Lincoln Depot is located in Springfield, Illinois. It is so called because Abraham Lincoln's bittersweet 1861 Farewell Address to Springfield was delivered here as he boarded the train to Washington D.C. at the beginning of his presidency.

==History==
The depot was constructed by The Great Western Railroad in 1852. It was damaged by fire in 1857, which required extensive remodeling. The Great Western Railroad merged with several other small railroads to form the Toledo, Wabash, and Western Railroad, which later became the Wabash Railroad. The company moved its Springfield passenger operations to a building located at Tenth and Washington Streets and operated the old building as a freight house. A second story was added in 1900.

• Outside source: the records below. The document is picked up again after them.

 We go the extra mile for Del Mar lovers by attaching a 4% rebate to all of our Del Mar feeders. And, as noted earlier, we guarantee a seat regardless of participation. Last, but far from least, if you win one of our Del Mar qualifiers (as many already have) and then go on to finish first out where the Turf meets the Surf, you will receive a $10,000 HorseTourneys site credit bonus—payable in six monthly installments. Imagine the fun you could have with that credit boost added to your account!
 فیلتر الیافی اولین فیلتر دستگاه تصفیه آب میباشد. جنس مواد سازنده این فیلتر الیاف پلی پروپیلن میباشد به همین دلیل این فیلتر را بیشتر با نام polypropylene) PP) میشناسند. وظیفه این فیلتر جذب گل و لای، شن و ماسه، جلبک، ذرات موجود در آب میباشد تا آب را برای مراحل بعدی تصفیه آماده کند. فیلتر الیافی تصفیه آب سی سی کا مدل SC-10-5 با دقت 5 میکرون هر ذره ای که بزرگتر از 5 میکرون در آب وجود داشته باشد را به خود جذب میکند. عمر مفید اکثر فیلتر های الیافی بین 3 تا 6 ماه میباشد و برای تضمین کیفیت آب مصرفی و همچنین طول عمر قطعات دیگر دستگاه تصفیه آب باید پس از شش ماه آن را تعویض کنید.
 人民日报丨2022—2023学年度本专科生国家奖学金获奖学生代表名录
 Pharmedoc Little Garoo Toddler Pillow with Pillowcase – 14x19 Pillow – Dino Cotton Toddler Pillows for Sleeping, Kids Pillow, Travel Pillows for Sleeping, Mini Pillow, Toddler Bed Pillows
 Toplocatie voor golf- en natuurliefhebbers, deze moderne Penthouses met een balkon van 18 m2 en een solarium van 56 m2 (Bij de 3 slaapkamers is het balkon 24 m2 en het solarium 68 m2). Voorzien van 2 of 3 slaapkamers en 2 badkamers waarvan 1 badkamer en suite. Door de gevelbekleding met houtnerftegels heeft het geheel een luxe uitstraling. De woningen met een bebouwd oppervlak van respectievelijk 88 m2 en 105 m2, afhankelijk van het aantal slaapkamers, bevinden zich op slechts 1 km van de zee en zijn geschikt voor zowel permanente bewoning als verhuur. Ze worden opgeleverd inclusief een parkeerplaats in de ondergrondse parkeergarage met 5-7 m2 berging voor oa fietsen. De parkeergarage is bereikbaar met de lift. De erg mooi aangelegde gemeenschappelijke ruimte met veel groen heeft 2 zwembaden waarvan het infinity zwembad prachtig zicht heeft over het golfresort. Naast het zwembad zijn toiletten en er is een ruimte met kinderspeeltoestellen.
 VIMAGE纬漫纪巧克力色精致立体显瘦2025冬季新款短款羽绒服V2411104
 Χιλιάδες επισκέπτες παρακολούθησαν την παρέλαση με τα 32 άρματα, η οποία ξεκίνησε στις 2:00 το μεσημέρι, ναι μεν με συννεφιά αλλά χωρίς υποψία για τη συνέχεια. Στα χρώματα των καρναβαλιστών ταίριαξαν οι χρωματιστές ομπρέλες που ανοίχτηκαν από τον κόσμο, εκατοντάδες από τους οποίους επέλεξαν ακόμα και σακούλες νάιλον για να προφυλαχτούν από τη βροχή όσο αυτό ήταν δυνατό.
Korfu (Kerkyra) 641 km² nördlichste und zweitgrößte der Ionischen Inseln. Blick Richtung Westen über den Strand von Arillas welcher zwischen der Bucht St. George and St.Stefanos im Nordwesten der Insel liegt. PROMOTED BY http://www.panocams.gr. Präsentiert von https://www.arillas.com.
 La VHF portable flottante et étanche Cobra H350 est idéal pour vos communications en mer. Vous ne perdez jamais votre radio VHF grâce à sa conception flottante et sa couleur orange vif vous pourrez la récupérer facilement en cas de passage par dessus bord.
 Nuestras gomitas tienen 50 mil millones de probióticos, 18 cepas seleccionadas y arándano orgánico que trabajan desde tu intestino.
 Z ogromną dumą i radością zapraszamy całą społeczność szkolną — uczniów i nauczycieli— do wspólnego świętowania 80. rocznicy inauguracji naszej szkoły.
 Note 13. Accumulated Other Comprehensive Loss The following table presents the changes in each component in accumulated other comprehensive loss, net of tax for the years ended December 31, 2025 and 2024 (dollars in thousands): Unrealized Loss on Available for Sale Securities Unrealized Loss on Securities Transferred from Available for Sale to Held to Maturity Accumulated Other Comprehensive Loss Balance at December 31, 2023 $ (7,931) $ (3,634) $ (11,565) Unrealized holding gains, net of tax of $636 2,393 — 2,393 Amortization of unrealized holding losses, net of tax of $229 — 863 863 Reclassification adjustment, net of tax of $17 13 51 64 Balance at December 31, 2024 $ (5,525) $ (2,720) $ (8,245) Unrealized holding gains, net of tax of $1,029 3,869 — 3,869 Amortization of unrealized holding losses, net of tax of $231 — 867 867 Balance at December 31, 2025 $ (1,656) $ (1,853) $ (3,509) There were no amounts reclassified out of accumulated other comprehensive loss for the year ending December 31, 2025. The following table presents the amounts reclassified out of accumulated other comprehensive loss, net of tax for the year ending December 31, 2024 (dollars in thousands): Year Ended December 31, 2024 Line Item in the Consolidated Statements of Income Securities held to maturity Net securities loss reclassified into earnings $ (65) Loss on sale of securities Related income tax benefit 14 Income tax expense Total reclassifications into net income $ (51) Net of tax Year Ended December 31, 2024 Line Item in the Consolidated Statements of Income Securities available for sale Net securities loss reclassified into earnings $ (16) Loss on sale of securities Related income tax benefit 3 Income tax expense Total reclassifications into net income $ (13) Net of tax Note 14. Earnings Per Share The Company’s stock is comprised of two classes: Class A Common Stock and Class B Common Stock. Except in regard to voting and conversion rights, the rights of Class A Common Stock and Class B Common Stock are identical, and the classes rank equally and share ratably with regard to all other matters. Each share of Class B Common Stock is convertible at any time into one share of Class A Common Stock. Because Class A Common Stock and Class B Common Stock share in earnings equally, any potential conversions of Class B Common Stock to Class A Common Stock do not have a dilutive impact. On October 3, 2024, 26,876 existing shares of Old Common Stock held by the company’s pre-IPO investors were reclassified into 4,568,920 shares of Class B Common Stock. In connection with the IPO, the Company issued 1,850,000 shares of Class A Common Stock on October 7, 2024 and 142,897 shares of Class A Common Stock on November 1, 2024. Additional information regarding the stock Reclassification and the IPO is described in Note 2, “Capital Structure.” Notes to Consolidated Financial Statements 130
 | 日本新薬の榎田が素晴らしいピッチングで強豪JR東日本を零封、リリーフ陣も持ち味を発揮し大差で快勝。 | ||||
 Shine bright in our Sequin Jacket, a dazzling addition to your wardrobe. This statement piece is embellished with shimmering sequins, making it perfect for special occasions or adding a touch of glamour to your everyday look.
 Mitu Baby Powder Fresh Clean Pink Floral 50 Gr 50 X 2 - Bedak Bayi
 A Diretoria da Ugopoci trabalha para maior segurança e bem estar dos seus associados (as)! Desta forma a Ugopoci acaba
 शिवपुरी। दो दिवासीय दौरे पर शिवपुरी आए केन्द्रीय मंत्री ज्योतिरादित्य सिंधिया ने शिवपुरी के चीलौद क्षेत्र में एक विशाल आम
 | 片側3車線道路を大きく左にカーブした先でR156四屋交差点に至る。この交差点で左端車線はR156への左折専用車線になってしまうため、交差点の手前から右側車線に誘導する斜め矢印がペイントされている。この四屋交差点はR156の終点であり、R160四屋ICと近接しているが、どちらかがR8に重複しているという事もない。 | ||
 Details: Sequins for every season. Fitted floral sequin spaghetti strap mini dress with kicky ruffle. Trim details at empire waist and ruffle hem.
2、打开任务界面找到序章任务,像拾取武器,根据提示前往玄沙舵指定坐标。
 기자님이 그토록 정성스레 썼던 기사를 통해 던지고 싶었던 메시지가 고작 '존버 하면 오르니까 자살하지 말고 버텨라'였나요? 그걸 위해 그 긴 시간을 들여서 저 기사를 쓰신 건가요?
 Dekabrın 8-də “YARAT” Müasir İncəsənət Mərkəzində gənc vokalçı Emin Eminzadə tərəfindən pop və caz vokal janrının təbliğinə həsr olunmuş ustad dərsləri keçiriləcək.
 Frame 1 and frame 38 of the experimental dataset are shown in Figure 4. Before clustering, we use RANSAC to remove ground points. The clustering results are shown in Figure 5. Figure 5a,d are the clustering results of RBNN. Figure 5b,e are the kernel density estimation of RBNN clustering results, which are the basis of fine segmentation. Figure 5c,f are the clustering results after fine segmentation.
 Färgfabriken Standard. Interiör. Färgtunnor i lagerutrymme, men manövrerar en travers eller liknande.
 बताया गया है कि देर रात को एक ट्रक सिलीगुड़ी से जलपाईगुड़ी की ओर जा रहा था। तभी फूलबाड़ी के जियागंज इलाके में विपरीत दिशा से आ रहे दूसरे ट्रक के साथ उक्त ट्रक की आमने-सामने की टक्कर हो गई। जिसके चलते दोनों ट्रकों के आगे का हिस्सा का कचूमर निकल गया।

The Depot was sold when the Wabash consolidated its operations in Decatur, Illinois. The building housed a variety of businesses, and was used as a warehouse or storage space. It was purchased by a local group in the 1960s with the intention of restoring it as a historic site. This group operated the Depot as a museum from 1965 to 1976. Displays included a mix of artifacts, including Lincoln and non-Lincoln items.

Fire again damaged the building in December 1968. Arson was suspected in the severely damaged building, but was not proven. Some parts of the structure, dating to Lincoln's time, survived.

The building was again restored, and Sangamon State University operated the Depot from 1977 to 1980. The operation was financed through a grant from the National Endowment for the Humanities. With the renovations, the University implemented a new purpose for the site. Though still operated as a museum, it was also used as training in site management and interpretation for History majors.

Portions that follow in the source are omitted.